Advice Columns as Information Sources
by Anthony Aycock
Here is a question: “What is the real-life transmission risk for HSV2 [genital herpes] in a discordant couple where the infected partner is on suppressant medication and doesn’t have outbreaks?” Sounds like something you might ask your doctor. Or a clinical researcher. Or the editor of a medical journal. It is a question whose answer is not at anyone’s fingertips, but shouldn’t be all that hard to track down.
Know where I saw the question? Not in a doctor’s office or a medical journal. I saw it in an online column called How to Do It. It’s an advice column. A sex advice column, to be precise. Rich Juzwiak, one of the column’s two authors, is often cheeky in his responses. With this question, however, he is straightforward, citing University of Manitoba professor Fred Y. Aoki, who told him the transmission rate between heterosexual couples is “between 5 and 15 percent per year” (tinyurl.com/soupwul). He later cites one other expert, Indiana University professor Kenneth H. Fife, and links to three studies on the issue.
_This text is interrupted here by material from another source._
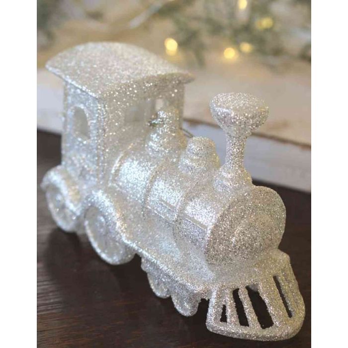 Acryl Anhänger Lokomotive GEREON, Glitzer, weiß-silber, 12x7cm

A health sciences librarian couldn’t have done better. Which makes me wonder: Are advice columns good sources of information?
ADVICE: PAST AND PRESENT
For starters, let’s define “advice columnist.” This is a journalist who responds to letters from the public seeking guidance on everyday etiquette and ethical challenges. Some of those letters, and their responses, are published for a general readership. Although the practice of giving advice is surely as old as human communication, what we would call the modern advice column likely began, according to Wikipedia, at the Athenian Mercury, a London periodical, in 1691. It invited anyone whose “own satisfaction or curiosity shall prompt ’em to” mail their questions about anything “to Mr. Smith at his Coffee-house in Stocks Market in the Poultry.” These questions would be answered by the Athenian Society, a group of “experts” (read: drinking buddies) assembled by the Mercury’s editor, John Dunton. It was a kind of 17th-century Reddit.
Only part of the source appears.